Highly Localised Droplet Clustering in Shallow Cumulus Clouds

TL;DR

This paper reports the discovery of highly localized droplet clustering in shallow cumulus clouds on scales of half a metre or less, challenging existing assumptions about cloud microphysics and impacting weather and climate models.

Contribution

It presents new holographic measurements revealing strong local droplet clustering at unprecedented small scales in shallow cumulus clouds.

Findings

Detected clustering on scales of 12 cm or less

Contrasts with previous weak clustering observations at larger scales

Implications for cloud microphysics and climate modeling

Abstract

The growth, lifetime, number density, and size of water droplets in warm atmospheric clouds determine the evolution, lifetime and light transmission properties of those clouds.
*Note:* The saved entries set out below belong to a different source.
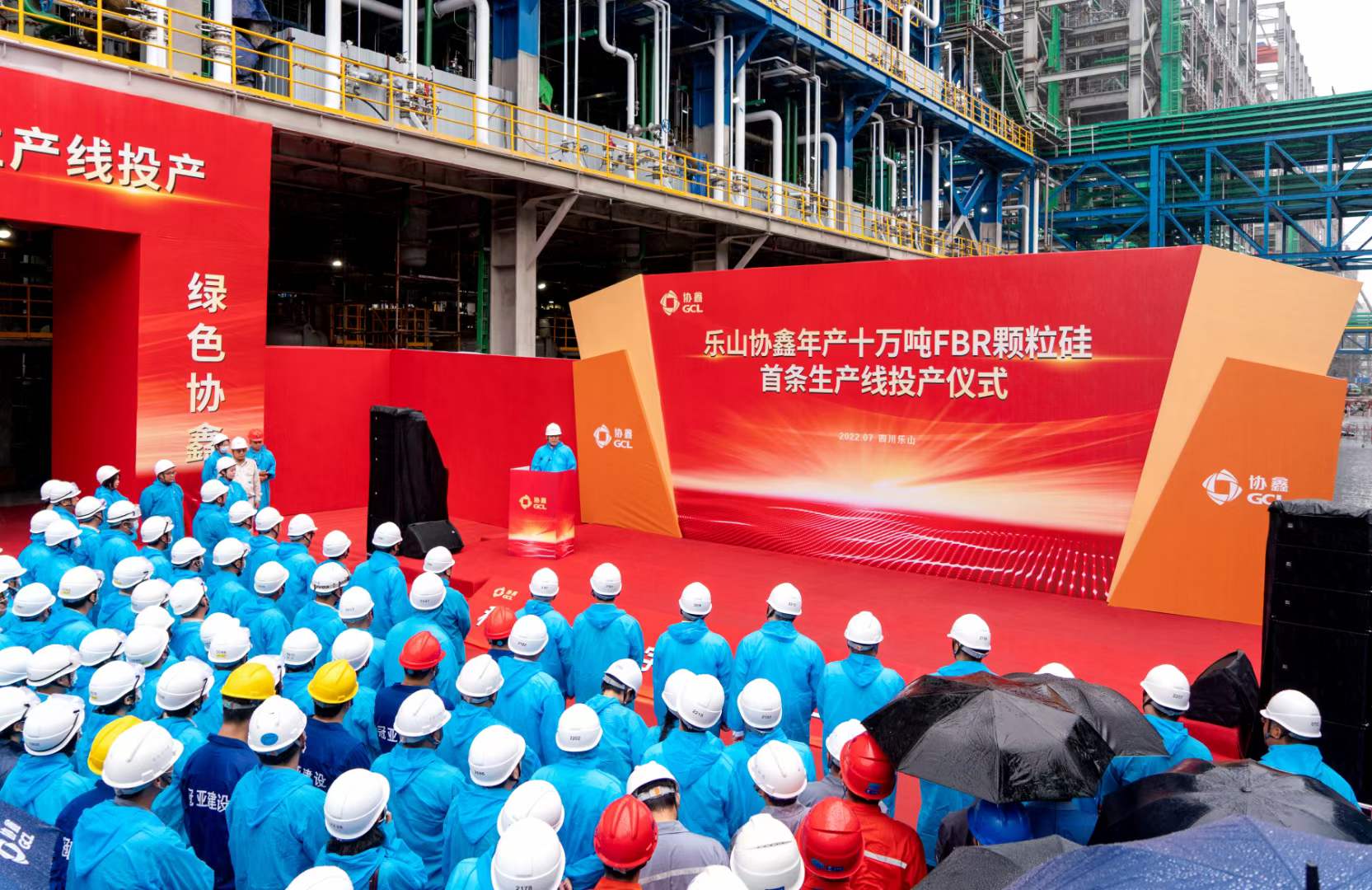 本網(wǎng)訊 7月22日,協(xié)鑫科技在旗下子公司樂山協(xié)鑫新能源科技有限公司(下稱“樂山協(xié)鑫”)顆粒硅出料現(xiàn)場,舉行10萬噸GCL-FBR顆粒硅項(xiàng)目首套裝置生產(chǎn)線投產(chǎn)儀式,協(xié)鑫科技董事局主席朱共山,董事局副主席、聯(lián)席首席執(zhí)行官朱戰(zhàn)軍,聯(lián)席首席執(zhí)行官蘭天石以及戰(zhàn)略合作單位領(lǐng)導(dǎo)出席投產(chǎn)儀式。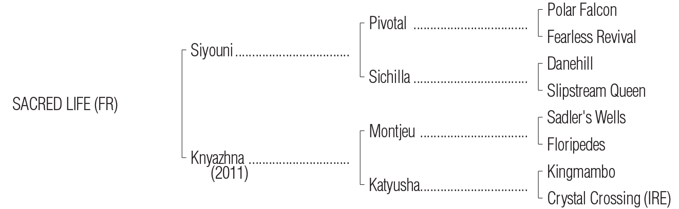 KNYAZHNA, by Montjeu. Unraced. Dam of 7 registered foals, 6 of racing age, including a 2-year-old of 2022, 4 to race, 3 winners-- SACRED LIFE (FR) (r. by Siyouni). Black-type winner, see record. Khagan (g. by Le Havre). Winner at 3, €54,300, in France, 2nd Prix du Lys [G3], etc.; winner at 5, £7,627, in England. (Total: $71,332). Savoureuse (f. by Siyouni). Winner at 2, placed at 3, 2022, €16,800, in France. (Total: $18,568).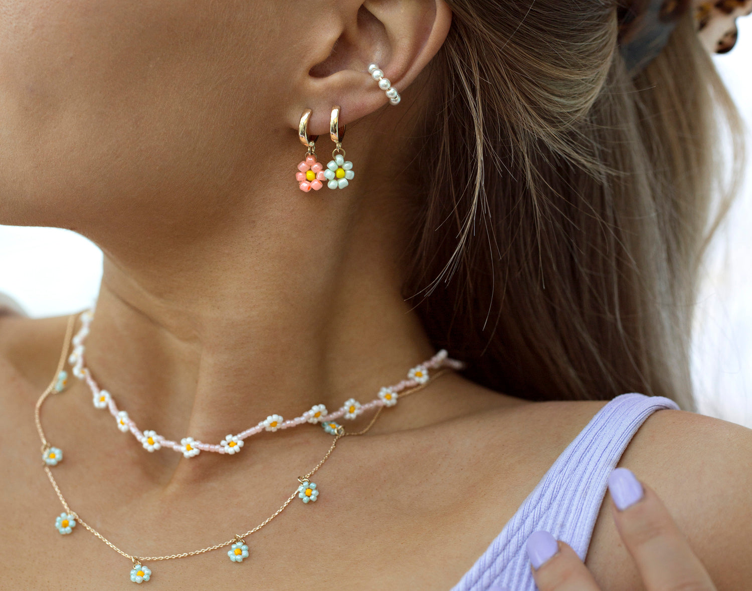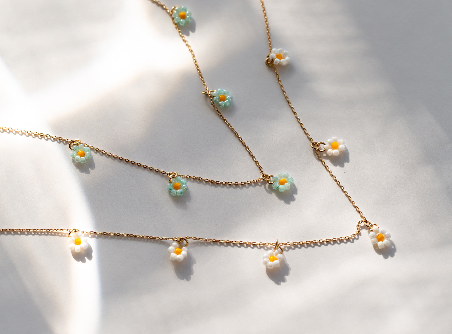 Dieser pastellfarbene Gänseblümchen-Perlenschmuck wird eine wunderschöne Ergänzung für Ihren Sommerlook sein.

These small-scale cloud properties, in addition to precipitation initiation, have strong implications for the Earth's energy budget since warm clouds cover large geographic areas. Spatio-temporal correlations on the millimetre scale and smaller may or may not affect these properties of clouds. To date, the pioneering measurements of such correlations in marine stratocumulus clouds have relied on averaging over holographically reconstructed volumes spanning at least ten kilometres. These have revealed weak but widespread spatial clustering of cloud droplets. Here we present results of strong localised clustering on scales of half a metre or less from holographic measurements collected with the Max Planck CloudKite in shallow cumulus clouds in the mid-Atlantic trade wind region near Barbados, with a spatial separation of only 12~cm between measurement volumes. This observation challenges the foundations of our understanding of cloud microphysics at the droplet scale, with implications for cloud modelling in weather and climate prediction.